These patches undergo linear embedding, preparing them for
subsequent processing. The embeddings were then sequentially
passed through a hierarchical Swin Transformer backbone,
structured into four stages. Each stage features multiple Swin
Transformer blocks incorporating masked attention mechanisms
and strategic patch-merging operations. This hierarchical design
effectively captures both local and global morphological features
crucial for distinguishing between different cervical cell classes.

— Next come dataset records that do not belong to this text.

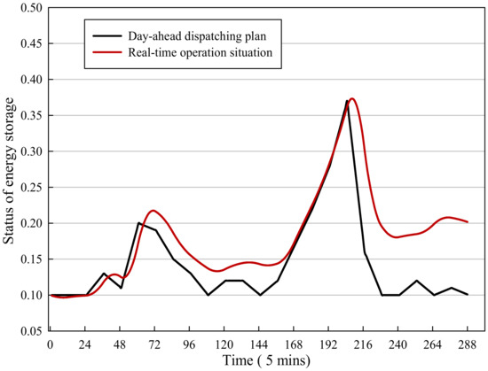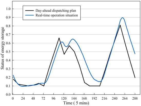 The real-time error correction operation model is a static optimization model which focuses on the single-point operation correction at the next moment and the optimization goal of the model cannot be selected as economically optimal, because in a single moment of operation, the economically optimal scheduling method uses all energy storage to smooth the unbalanced power, which will lead to a large discrepancy with the previously planned operation strategy, resulting in the phenomenon of local optimal operation interfering the global optimal operation.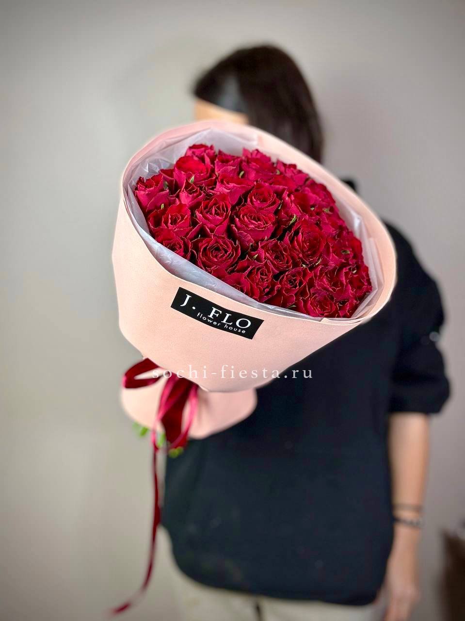 Двадцать семь бутонов плотно собраны в круглой коробке и создают объёмную цветочную шапку. Кенийские розы держат форму долго и раскрываются постепенно.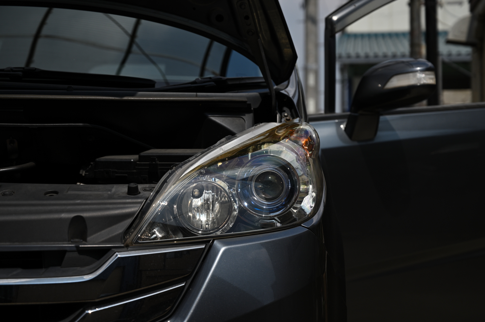 画像はライトの黄ばみが目立つ経年劣化したヘッドライトユニット。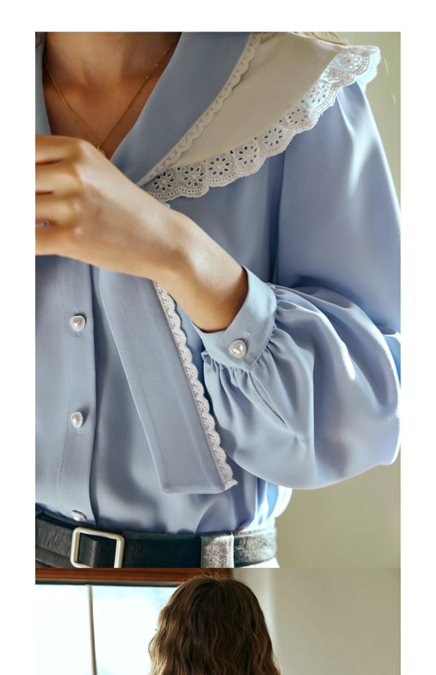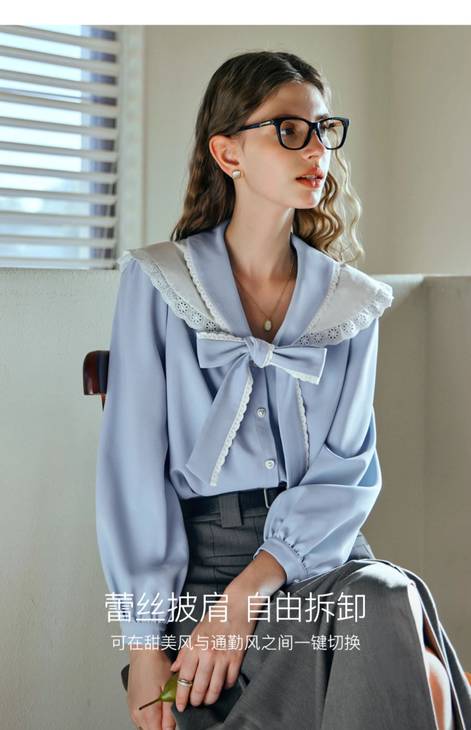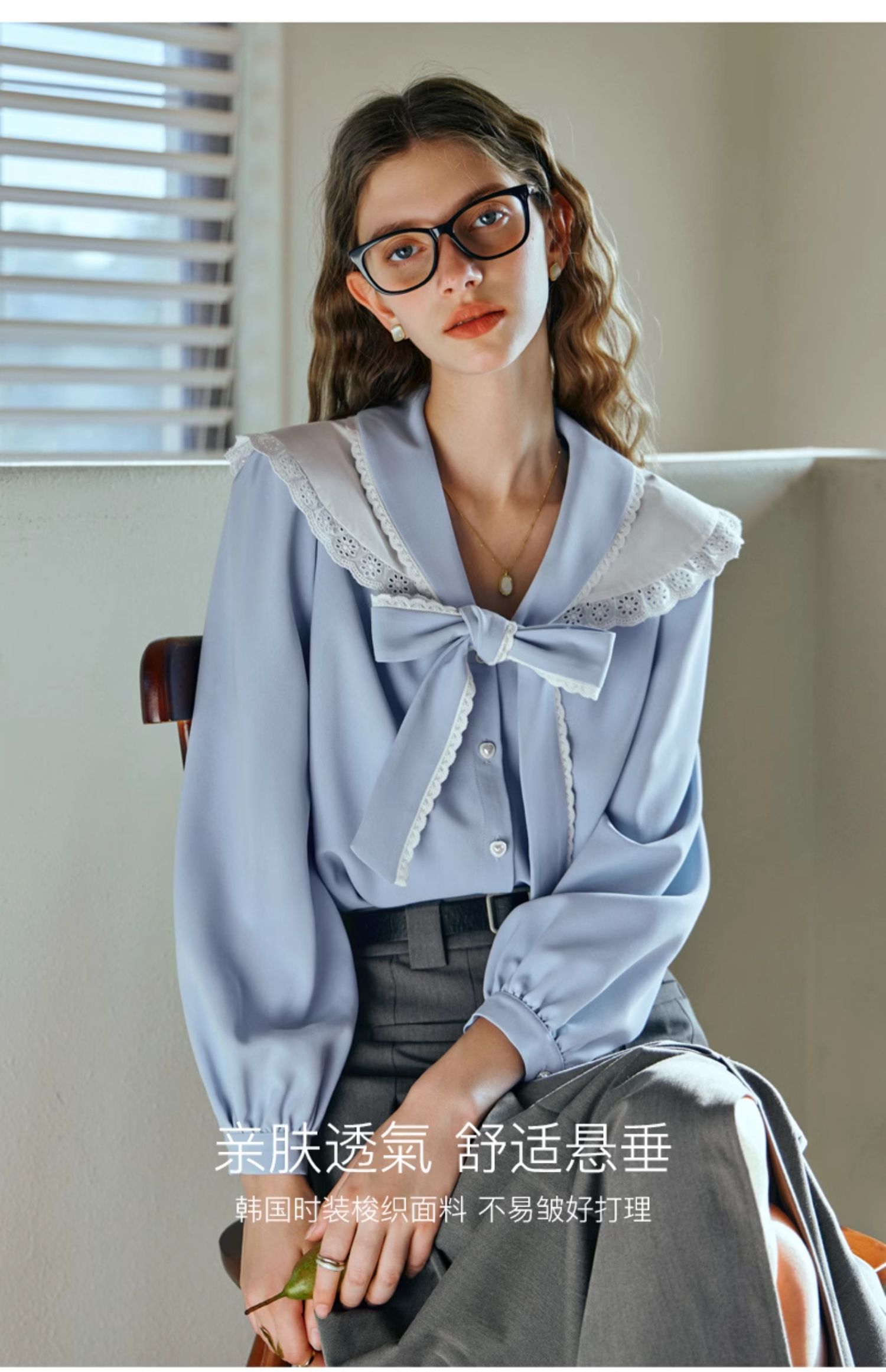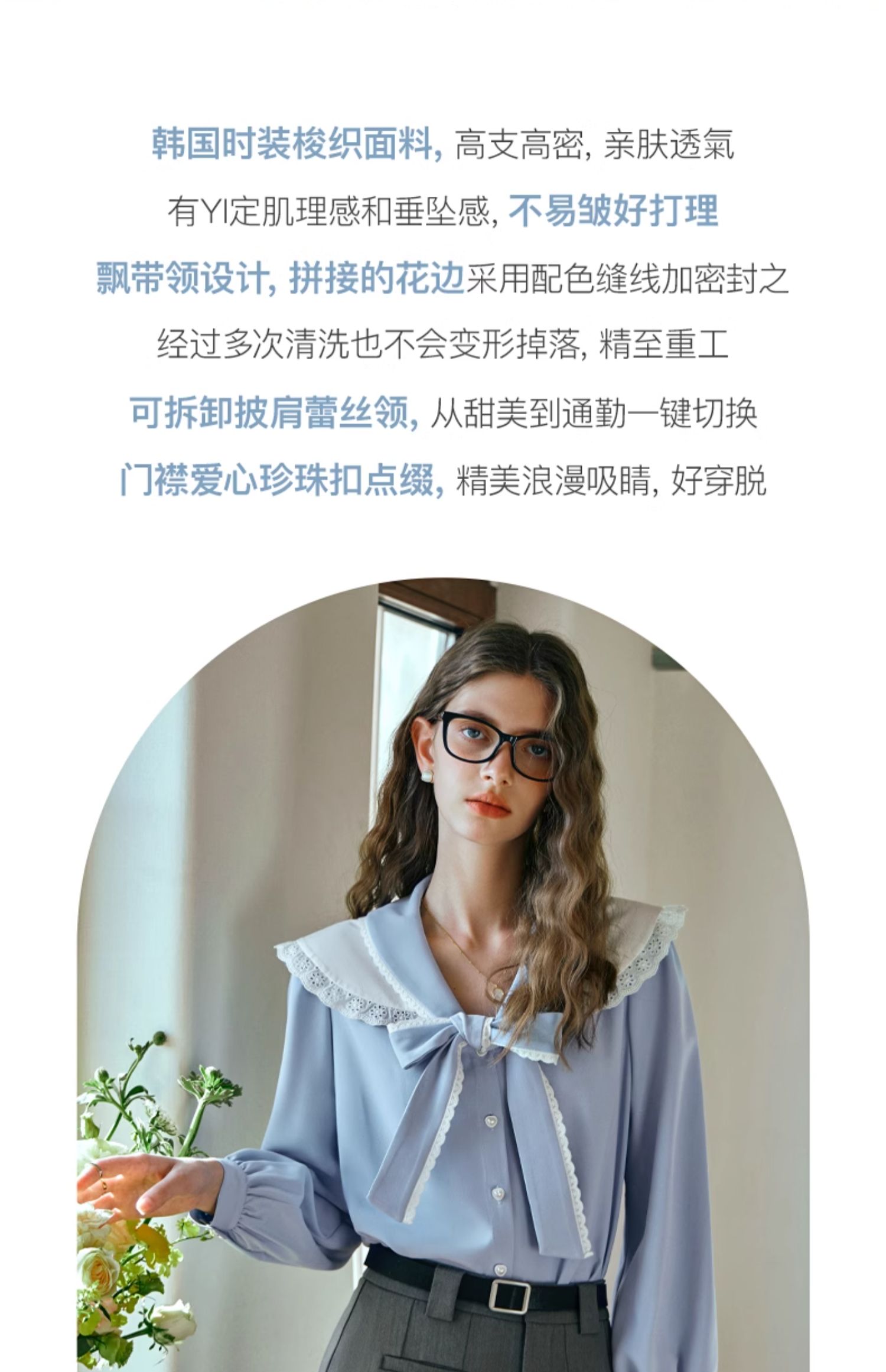OLrain欧芮儿法式蓝色雪纺衫女早春2024新款蕾丝荷叶领小个子衬衫

Following feature extraction, Mask2Former is integrated as a
visualisation tool. Mask2Former effectively highlights and
delineates the learned discriminative regions within cervical cell
images. This visualisation capability significantly enhances model
interpretability by clearly associating specific cellular structures
with predicted categories, thus providing clinicians with intuitive
visual insights into model predictions and aiding clinical decision-
making processes.
Standard Transformer Architecture
The traditional transformer encoder comprises a stack of N
identical layers. As shown in Figure 23, each layer consists of two
main components: multi-head self-attention (MSA) and a multi-
layer perceptron (MLP). Additionally, Layer Normalisation (LN)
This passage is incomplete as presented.